Mary Black: Stories from the Steeples
With a storyteller's instinct and that distinctive voice, Black offers a gathering of songs that explore change, reflection, celebration, love -- and murder. Indeed, there’s a murder ballad here, Marguerite and the Gambler. Black says she was drawn to it at first because the story begins in the same way as the traditional Irish song Anachie Gordon, with a woman drawn to a man her father becomes set against, but, Black points out that “It ends in quite a different way!” It holds a story that will keep you listening, and a melody that will stay with you, as well.
In the first of three collaborations with guests on the album, Black joins up with Imelda May for an intertwining of voices that well suits the vivid images of journeys and returns on Mountains to the Sea. A quieter journey is the subject of The Night Was Dark and Deep, set as a vignette of a moment on a night car trip which paints a picture of a childhood memory. Just as it is with such memories, in the song not everything is explained. Healing, hope, resignation, and facing change all play their parts in varied ways in the songs Faith in Fate and Steady Breathing. Black and Finbar Furey join up for the lovely relaxed celebration of Walking With My Love, while Black adds understated grief and grace to the anti war song All the Fine Young Men.

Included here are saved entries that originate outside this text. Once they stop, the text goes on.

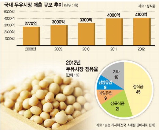지난해 국내 두유시장 규모는 약 4100억원인 것으로 추산된다. 지난 2008년 이후 연평균 10% 이상 지속적으로 성장했다. 지난해엔 경기불황에 따른 소비 위축에도 불구하고 2.5% 성장했다. 정식품은 지난 1973년 두유제품을 처음 상용화한 이후 지금까지 시장 1위 자리를 지키고 있다.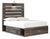 When merged in just the right way, rustic and industrial styles can make one happy marriage. Case in point: this full panel bed with storage. A refined take on barn board beauty, its complex, replicated wood grain showcases hints of burnt orange and teal tones for a sense of weatherworn authenticity. Love to read in bed? You’re sure to find the retro-chic light sconce and USB plug-ins on the open-slat style headboard such a bright idea. Underneath the bed: smooth-gliding drawers and open cubbies that accommodate casually cool storage bins.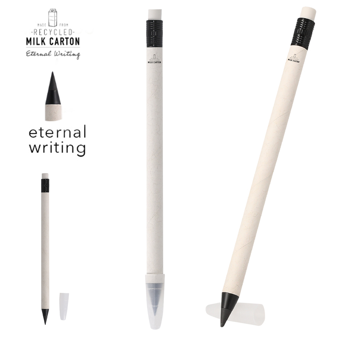 Lápiz eterno fabricado con cartones de leche reciclados. Reutilizable y con escritura infinita. Incluye goma de borrar en la parte superior del lápiz y capucha de protección. De color blanco, con detalles en negro. Con distintivo de cartón de leche reciclado en el cuerpo.Los cartones de leche se componen en su mayor parte de cartón y aluminio. Durante su proceso de reciclado, se separan los distintos materiales del envase para su reutilización y nuevo uso, contribuyendo así a recorrer el camino infinito de la economía circular. Este material se caracteriza por su alto grado de reciclabilidad, así como por su ligereza y resistencia.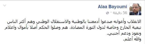 وقال الباحث السياسي علاء بيومي إن أتباع الانقلاب المدّعون للوطنية هم الأكثر تبعية للخارج وخاصة لدول الثورة المضادة، بحسب وصفه.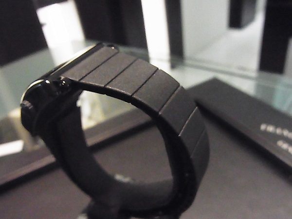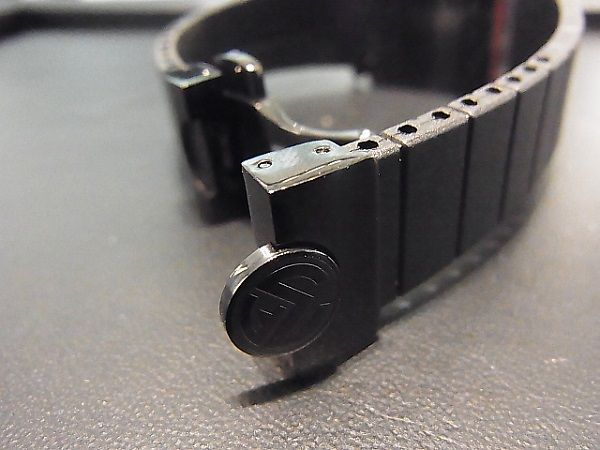 ステンレス素材のケースとDバックルにPVD加工を施し、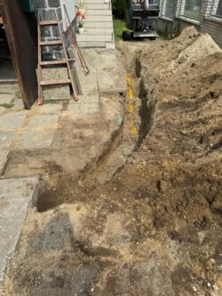 A korszerűtlen vízbetáplálás miatt szükségessé vált az árok kiásása a vízóra és a ház között. A csőszerelési munkák ideje alatt sor került a kertben lévő tuskók eltávolítására is. A nap végén az árok betemetésére és a tereprendezésre is sor került.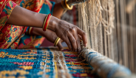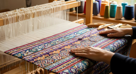 Skilled hands work meticulously at a loom, creating a vibrant textile. Threads of various colors blend together, showcasing artistry and craftsmanship in a cozy workshop.
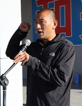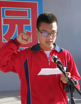 教師代表寇瑞敏致辭:“希望同學(xué)們?cè)谛碌钠鹋芫€上,聽(tīng)從發(fā)令槍的召喚,用堅(jiān)強(qiáng)的意志,進(jìn)取的精神,不懈的努力和忘我的速度去追趕前方的太陽(yáng)”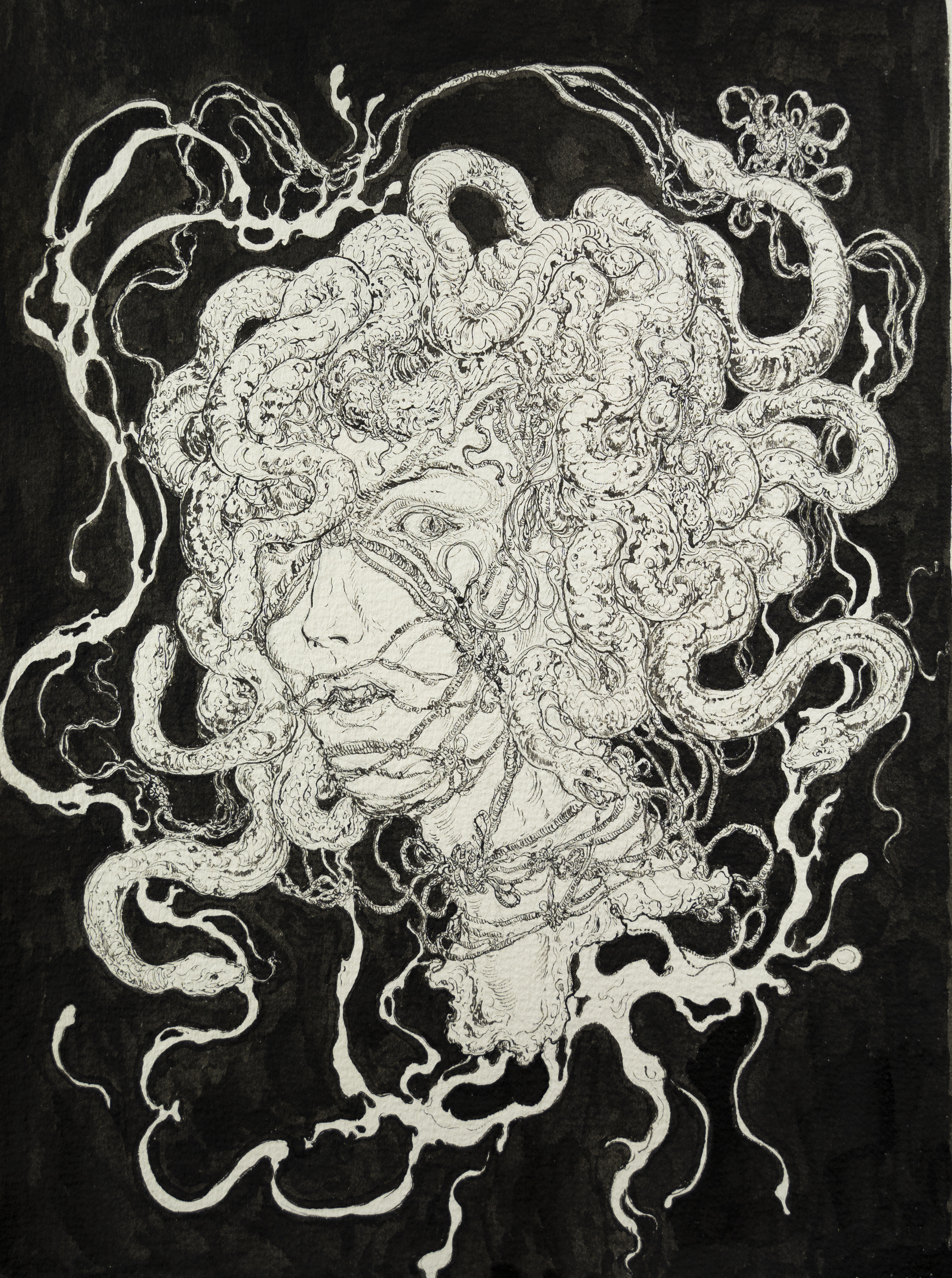 ●"Blood of Medusa 美杜莎之血", 2019, 38x28.5cm, 印地安墨水、紙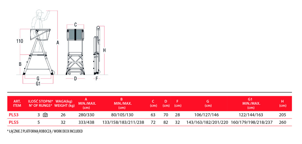 - 1x Bezpieczny podest roboczy 5 stopni Faraone PLS5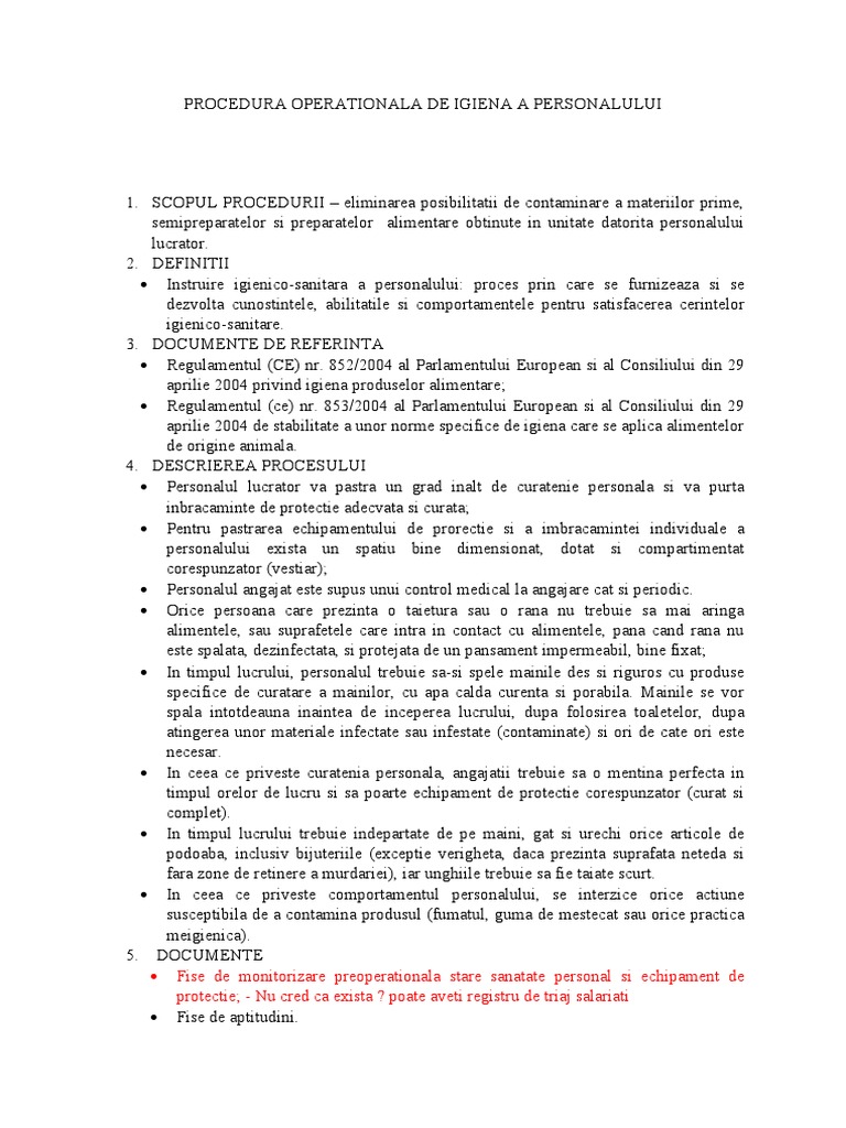 PROCEDURA OPERATIONALA DE IGIENA A PERSONALULUI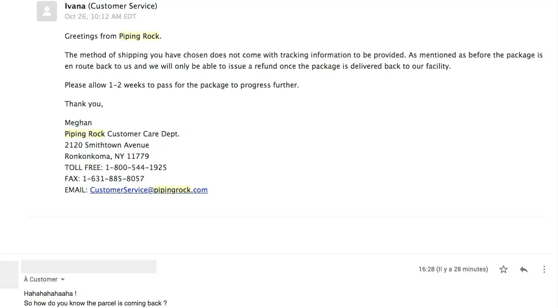 I’ve tried contacting Piping Rock via chat and I have no favourable response from them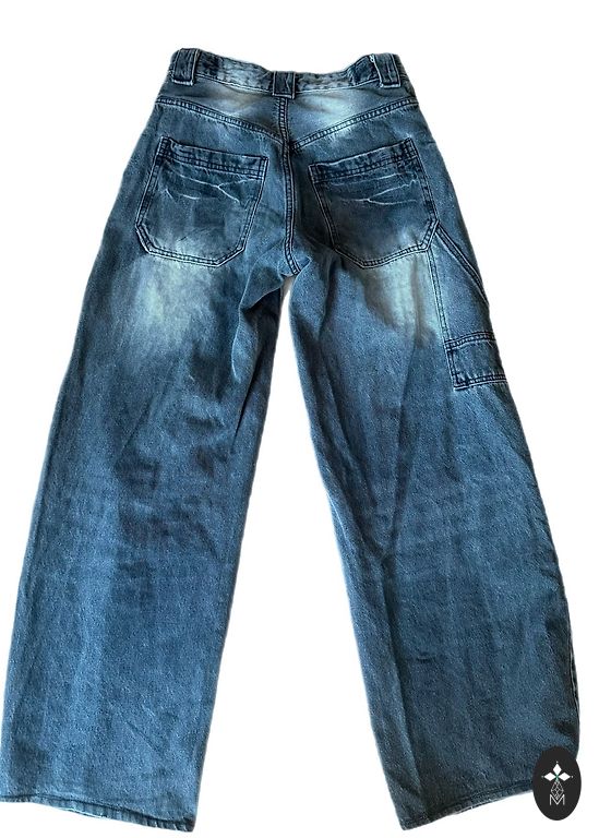 Женские джинсы размера 42 (XL). Обхват талии в нерастянутом виде - 44 x 2 см, в бедрах в нерастянутом виде - 53 x 2 см. Длина брюк - 109 см, длина штанины - 80 см.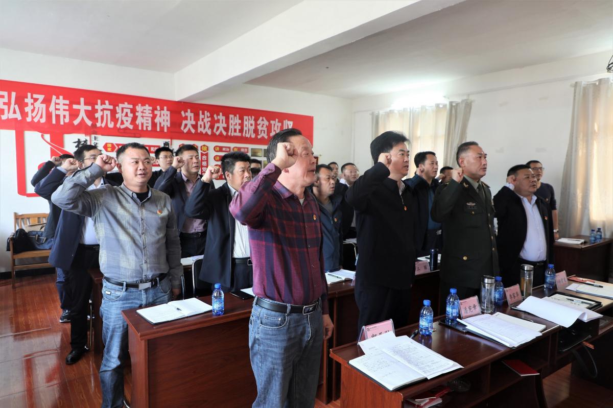 會議集中學習了新華社特稿《習近平指揮中國戰(zhàn)貧》、習近平總書記在基層代表座談會上的重要講話精神,誦讀了黨章關于黨的基層組織八項基本任務的要求,集體重溫了入黨誓詞。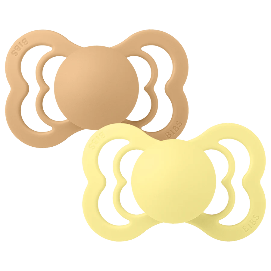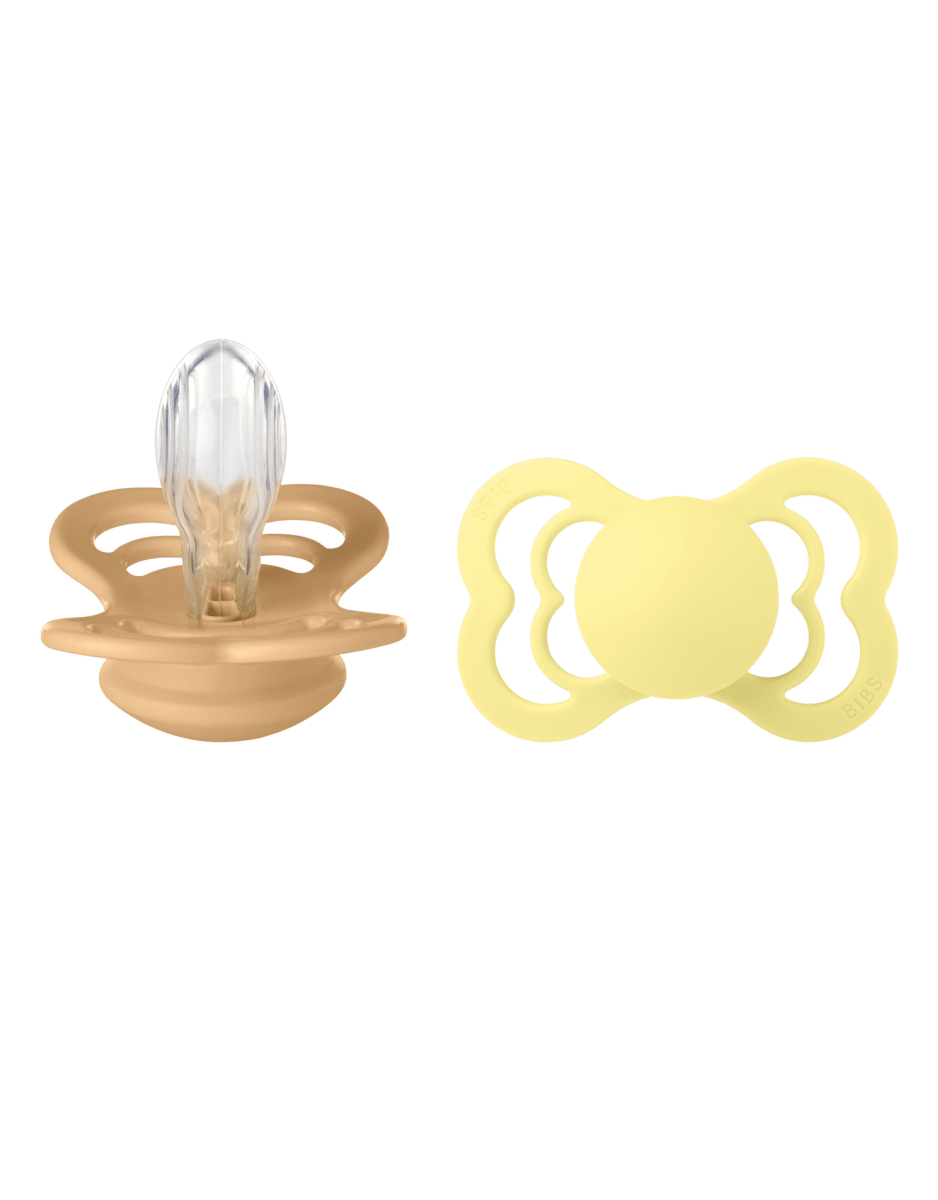 <tc>BIBS</tc> <tc>tétine</tc> Taille 2 Silicone Supreme Desert Sand/Sunshine 2pcs

Black’s children, Danny, Roisin, and Conor O’Reilly, are each involved in various tracks across the album. All three join in on a song which asks powerful questions (and which Danny wrote), The Night Is on Our Side. Lighthouse Light draws together ideas of journeys, change, and the continuance of love in a graceful song that is at once straightforward and complex, and makes a fine piece for Black and Janis Ian to share in the singing.
Songwriters new and time tested, emotions that last, stories well told and music that gets to the heart: those things, have been hallmarks of Mary Black's music across the years, and with Stories From the Steeples she takes the next right steps along that path. Come along for a listen.